The Lincoln cult believes the Lincoln legend should be used to convince America’s youth that it’s not so bad after all to become cannon fodder.
To inspire “patriotism” in the nation’s youth, a “national poet” must mesmerize them and unite them in a cause, says Berns. Ideally, such a poet can convince them to abandon their individualism, their old-fashioned Americanism, and their selfish pursuit of peaceful and prosperous lives. Fortunately, Berns informs us, such a national poet is at hand. That person is Abraham Lincoln, whom he describes as “statesman, poet, and … the martyred Christ of democracy’s passion play.”1 If America’s youth are to be persuaded to become the American equivalent of mad Muslim fanatics hell-bent on a “civil” religious revolution, then they must be indoctrinated in Lincoln’s “greatness,” which consists not so much in his actions but “in the power and beauty of his words.”2
This is typical behavior of a member of the Lincoln cult: they concentrate almost exclusively on a small sampling of Lincoln’s nicer-sounding political speeches, while often showing little or no interest in his actual behavior or real history. This is a disastrous recipe for understanding any politician. Any politician who has ever served in a national office can be made to appear as a “great statesman” or a “great humanitarian” if he is judged exclusively by his own political rhetoric.

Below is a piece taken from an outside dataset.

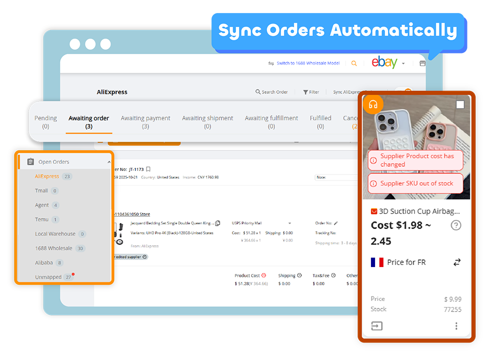 Master eBay dropshipping. Automate orders, sync inventory, and source winning products with one powerful tool.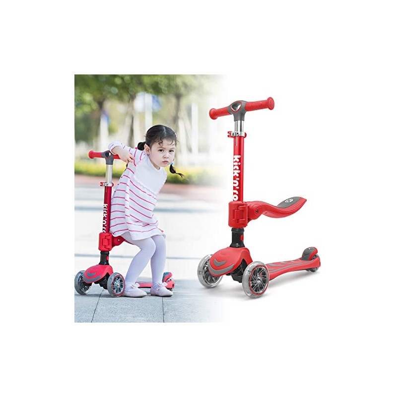 Kicknroll Scooter for Kids, 3 Light Up Wheel with Seat Toddler Scooter for Children, Extra-Wide Deck and 4-Height Adjustable Scooter for 3-12 Years Old (Red)

Another typical characteristic of Lincoln cultists is to ascribe angelic motives to everything Lincoln ever said or did, and pretending to possess unique knowledge of what was “in his heart,” if not his mind. This theme runs throughout the voluminous Lincoln literature, including Making Patriots, in which Berns devotes more than a chapter to fabricating myths about Lincoln that he apparently hopes will become part of the “civil religion” of American militarism and imperialism.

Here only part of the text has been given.